Worst-case, the death of a compassionate use patient itself could prompt a clinical suspension, further delaying the drug or preventing its path to market altogether.

And Chimerix’s concerns about being overwhelmed by trying to accommodate compassionate use requests was valid, too, Caplan added, “because ultimately the goal is to get the drug approved.” It becomes an issue of pitting one patient’s needs against the needs of many.

If the ongoing phase III trial yields positive data, Chimerix’s brincidofovir could have applications in multiple viral indications. The drug, a broad-spectrum antiviral designed to block the replication of double-stranded DNA viruses, is being tested for its ability to prevent CMV infection as the primary endpoint in the SUPPRESS trial, but secondary endpoints are testing the drug in adenovirus, BK virus and herpes simplex virus.

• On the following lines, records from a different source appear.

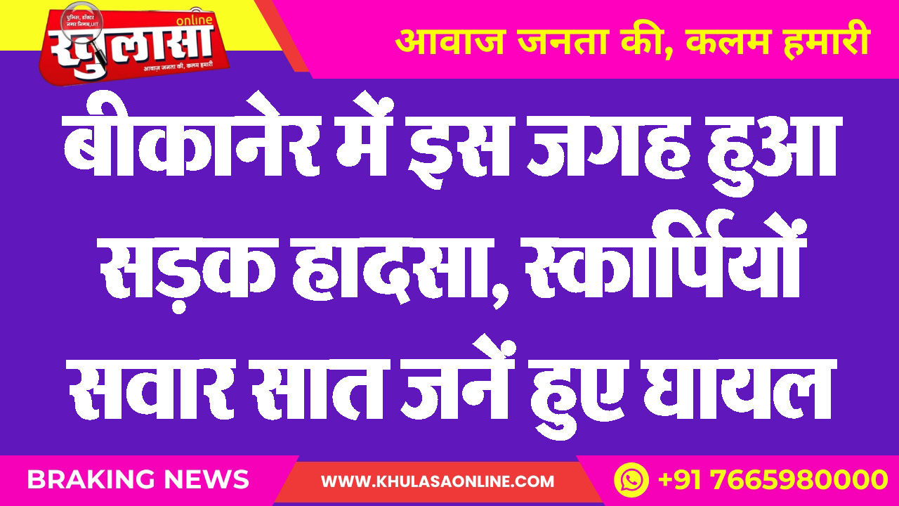 बीकानेर में इस जगह हुआ सडक़ हादसा, स्कार्पियों सवार सात जनें हुए घायल
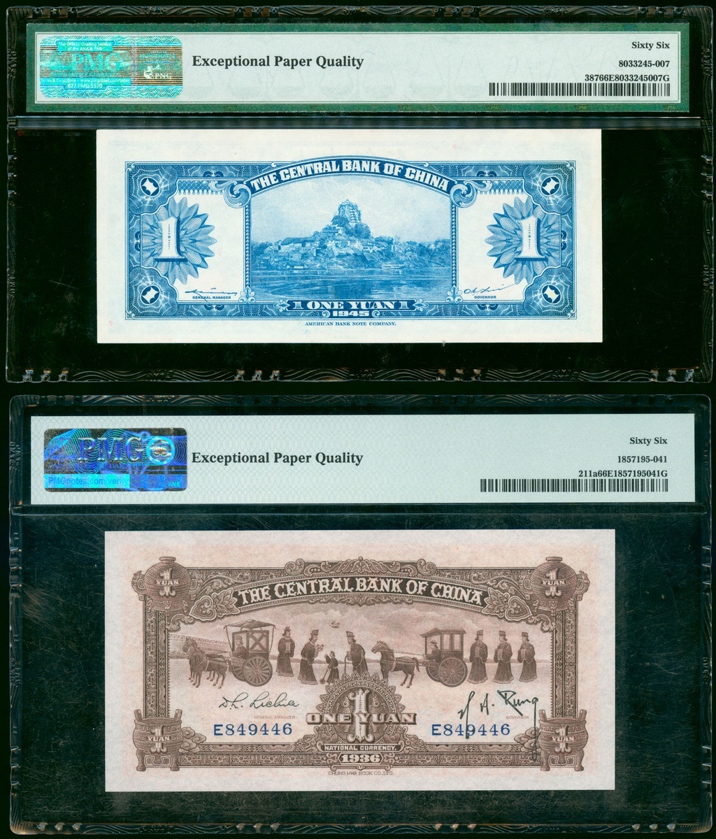 The Central Bank of China, group of 2, consists of 1 yuan, Year 34 (1945), serial number SW586046, and 1 yuan, Year 25 (1936), serial number E849446, (Pick 387, 211a), both graded PMG 66EPQ Gem Uncirculated (2)
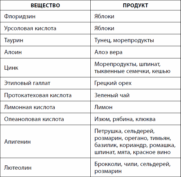 Таблица 35. Вещества, препятствующие образованию конечных продуктов гликирования

Chimerix is not yet disclosing the endpoint for the recently launched pilot trial in adenovirus. For the pivotal phase III program, the endpoint likely will be mortality.

And as for the attacks on him on social media this week, Moch said he doesn’t blame the family for their tenacity and actually spoke with Todd Hardy, the boy’s father. “I told him if it were my child, I’d do exactly the same thing.”

As “intense and unexpected” as it may have been, “it did help accelerate the process.”

Shares of Chimerix (NASDAQ:CMRX) gained $3.74, or 18 percent, to close Wednesday at $24.54.